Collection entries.
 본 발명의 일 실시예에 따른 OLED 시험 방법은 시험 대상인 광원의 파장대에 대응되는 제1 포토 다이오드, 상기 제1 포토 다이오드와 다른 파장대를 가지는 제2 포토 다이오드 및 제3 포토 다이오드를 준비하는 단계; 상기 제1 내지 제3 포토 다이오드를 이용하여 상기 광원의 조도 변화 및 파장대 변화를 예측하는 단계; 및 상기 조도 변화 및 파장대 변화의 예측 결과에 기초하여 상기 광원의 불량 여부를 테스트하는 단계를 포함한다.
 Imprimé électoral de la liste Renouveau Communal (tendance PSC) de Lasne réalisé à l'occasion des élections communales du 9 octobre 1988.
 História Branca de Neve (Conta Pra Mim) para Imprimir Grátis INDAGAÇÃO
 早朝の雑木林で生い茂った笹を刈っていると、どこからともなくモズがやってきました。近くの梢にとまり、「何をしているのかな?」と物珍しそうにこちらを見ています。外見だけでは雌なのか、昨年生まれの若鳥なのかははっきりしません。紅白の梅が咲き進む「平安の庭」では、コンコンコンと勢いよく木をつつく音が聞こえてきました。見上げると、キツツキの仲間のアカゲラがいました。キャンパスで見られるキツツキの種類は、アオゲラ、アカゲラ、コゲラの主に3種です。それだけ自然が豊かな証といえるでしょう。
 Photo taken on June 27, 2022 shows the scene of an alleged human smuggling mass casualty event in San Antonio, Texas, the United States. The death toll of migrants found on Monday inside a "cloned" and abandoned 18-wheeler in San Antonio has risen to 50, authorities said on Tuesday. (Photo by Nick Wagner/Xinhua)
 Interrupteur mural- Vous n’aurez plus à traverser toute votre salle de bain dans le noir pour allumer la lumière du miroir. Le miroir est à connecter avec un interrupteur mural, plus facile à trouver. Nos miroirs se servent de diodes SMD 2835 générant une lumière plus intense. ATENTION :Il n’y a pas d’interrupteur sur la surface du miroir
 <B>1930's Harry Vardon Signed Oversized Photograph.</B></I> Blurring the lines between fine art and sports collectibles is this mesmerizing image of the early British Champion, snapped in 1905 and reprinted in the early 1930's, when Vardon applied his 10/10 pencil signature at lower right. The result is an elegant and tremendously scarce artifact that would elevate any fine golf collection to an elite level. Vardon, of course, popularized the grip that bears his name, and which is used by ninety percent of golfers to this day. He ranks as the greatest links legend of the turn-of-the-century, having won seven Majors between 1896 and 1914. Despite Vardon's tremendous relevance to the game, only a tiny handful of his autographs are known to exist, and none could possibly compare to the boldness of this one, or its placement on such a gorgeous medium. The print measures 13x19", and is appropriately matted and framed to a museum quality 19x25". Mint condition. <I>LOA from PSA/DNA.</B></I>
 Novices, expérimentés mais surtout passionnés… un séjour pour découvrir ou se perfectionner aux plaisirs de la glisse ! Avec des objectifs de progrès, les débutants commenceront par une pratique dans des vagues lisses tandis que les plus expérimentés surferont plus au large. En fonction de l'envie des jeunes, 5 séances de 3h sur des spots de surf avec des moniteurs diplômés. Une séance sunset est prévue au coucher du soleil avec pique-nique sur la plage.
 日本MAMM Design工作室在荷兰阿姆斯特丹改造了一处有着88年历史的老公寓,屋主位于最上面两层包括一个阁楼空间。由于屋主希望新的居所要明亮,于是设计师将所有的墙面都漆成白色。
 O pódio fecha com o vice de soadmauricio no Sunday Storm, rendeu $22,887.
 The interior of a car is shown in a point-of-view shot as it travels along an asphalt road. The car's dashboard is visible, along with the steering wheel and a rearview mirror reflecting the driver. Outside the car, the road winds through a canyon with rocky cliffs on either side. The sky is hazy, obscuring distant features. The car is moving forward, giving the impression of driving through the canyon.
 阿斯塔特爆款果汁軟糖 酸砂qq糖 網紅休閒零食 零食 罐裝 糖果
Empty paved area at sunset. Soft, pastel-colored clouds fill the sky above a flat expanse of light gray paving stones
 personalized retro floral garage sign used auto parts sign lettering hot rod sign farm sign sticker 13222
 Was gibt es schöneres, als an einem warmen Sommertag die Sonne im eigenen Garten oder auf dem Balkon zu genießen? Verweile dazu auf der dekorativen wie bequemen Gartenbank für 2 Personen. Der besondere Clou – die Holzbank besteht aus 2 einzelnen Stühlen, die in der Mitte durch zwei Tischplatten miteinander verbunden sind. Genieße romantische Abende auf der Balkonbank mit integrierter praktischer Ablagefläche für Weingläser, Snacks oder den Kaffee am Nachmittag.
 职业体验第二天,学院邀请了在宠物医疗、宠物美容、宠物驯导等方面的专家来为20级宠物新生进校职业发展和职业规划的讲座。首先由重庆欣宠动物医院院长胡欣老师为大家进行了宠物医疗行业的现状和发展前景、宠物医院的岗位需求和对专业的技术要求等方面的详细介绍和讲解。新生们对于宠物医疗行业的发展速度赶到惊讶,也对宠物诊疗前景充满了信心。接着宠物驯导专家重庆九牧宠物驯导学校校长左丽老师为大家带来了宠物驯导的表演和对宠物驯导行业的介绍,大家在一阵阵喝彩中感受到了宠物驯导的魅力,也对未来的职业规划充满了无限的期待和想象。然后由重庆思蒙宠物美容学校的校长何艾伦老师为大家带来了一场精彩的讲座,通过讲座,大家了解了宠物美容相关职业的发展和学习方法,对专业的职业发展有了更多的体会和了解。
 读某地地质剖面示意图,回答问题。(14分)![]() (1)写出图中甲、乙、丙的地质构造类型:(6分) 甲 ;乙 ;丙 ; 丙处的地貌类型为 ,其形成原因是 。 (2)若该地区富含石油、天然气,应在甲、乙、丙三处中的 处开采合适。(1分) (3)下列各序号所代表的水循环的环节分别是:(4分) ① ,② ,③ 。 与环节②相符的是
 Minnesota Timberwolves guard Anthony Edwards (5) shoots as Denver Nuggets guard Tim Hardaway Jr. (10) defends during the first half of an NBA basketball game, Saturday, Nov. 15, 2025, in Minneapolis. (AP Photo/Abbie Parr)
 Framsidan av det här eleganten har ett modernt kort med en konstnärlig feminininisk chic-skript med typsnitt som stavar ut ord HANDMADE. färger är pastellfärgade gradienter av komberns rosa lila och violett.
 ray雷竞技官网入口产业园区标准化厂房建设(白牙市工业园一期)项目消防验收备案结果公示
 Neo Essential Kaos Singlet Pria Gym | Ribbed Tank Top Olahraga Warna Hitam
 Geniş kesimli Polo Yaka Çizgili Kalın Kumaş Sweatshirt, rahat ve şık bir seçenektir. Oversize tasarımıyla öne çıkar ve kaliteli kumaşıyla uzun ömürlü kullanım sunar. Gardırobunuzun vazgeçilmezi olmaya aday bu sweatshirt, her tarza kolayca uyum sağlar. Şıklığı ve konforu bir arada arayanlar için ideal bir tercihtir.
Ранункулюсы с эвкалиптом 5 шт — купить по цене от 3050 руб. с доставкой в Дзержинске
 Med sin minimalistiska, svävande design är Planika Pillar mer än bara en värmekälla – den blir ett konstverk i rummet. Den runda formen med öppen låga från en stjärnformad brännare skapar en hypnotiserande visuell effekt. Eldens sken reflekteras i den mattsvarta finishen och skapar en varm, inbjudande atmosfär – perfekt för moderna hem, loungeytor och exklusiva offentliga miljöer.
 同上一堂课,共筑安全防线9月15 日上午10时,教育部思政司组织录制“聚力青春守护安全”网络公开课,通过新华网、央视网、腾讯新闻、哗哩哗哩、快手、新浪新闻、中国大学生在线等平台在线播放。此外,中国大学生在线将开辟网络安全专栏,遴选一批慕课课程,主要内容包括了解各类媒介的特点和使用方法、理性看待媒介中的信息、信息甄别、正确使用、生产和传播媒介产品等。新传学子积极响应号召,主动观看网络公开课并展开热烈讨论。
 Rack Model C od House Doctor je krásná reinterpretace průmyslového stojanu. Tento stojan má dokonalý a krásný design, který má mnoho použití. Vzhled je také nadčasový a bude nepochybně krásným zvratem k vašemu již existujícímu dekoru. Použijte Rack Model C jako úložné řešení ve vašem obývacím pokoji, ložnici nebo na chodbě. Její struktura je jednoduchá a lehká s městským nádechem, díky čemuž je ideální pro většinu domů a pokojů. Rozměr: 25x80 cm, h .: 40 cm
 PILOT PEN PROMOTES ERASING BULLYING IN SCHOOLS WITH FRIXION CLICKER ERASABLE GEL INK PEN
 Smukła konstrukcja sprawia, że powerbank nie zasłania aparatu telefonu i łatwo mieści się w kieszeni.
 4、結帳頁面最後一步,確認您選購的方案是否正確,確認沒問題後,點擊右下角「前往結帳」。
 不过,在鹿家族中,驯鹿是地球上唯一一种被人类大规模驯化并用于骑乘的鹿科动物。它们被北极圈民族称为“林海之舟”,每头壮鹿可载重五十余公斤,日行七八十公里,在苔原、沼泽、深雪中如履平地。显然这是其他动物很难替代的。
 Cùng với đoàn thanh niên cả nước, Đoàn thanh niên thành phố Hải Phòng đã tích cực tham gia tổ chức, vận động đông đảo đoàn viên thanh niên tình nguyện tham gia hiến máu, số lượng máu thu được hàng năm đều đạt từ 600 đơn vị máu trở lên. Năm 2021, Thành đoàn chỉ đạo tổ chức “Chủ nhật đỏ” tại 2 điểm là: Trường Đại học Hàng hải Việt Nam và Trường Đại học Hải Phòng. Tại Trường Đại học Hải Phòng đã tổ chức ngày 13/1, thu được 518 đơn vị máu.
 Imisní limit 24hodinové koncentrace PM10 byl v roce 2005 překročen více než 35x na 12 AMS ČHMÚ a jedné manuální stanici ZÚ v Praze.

WHAT YOU NEED TO DO. Could you write out, exactly as they stand, only the lines above that begin at the line with "职业体验第二天,学院邀请了在" and stop after the line with "Neo Essential Kaos"?

RESULT OF THE EXERCISE.
 职业体验第二天,学院邀请了在宠物医疗、宠物美容、宠物驯导等方面的专家来为20级宠物新生进校职业发展和职业规划的讲座。首先由重庆欣宠动物医院院长胡欣老师为大家进行了宠物医疗行业的现状和发展前景、宠物医院的岗位需求和对专业的技术要求等方面的详细介绍和讲解。新生们对于宠物医疗行业的发展速度赶到惊讶,也对宠物诊疗前景充满了信心。接着宠物驯导专家重庆九牧宠物驯导学校校长左丽老师为大家带来了宠物驯导的表演和对宠物驯导行业的介绍,大家在一阵阵喝彩中感受到了宠物驯导的魅力,也对未来的职业规划充满了无限的期待和想象。然后由重庆思蒙宠物美容学校的校长何艾伦老师为大家带来了一场精彩的讲座,通过讲座,大家了解了宠物美容相关职业的发展和学习方法,对专业的职业发展有了更多的体会和了解。
 读某地地质剖面示意图,回答问题。(14分)![]() (1)写出图中甲、乙、丙的地质构造类型:(6分) 甲 ;乙 ;丙 ; 丙处的地貌类型为 ,其形成原因是 。 (2)若该地区富含石油、天然气,应在甲、乙、丙三处中的 处开采合适。(1分) (3)下列各序号所代表的水循环的环节分别是:(4分) ① ,② ,③ 。 与环节②相符的是
 Minnesota Timberwolves guard Anthony Edwards (5) shoots as Denver Nuggets guard Tim Hardaway Jr. (10) defends during the first half of an NBA basketball game, Saturday, Nov. 15, 2025, in Minneapolis. (AP Photo/Abbie Parr)
 Framsidan av det här eleganten har ett modernt kort med en konstnärlig feminininisk chic-skript med typsnitt som stavar ut ord HANDMADE. färger är pastellfärgade gradienter av komberns rosa lila och violett.
 ray雷竞技官网入口产业园区标准化厂房建设(白牙市工业园一期)项目消防验收备案结果公示
 Neo Essential Kaos Singlet Pria Gym | Ribbed Tank Top Olahraga Warna Hitam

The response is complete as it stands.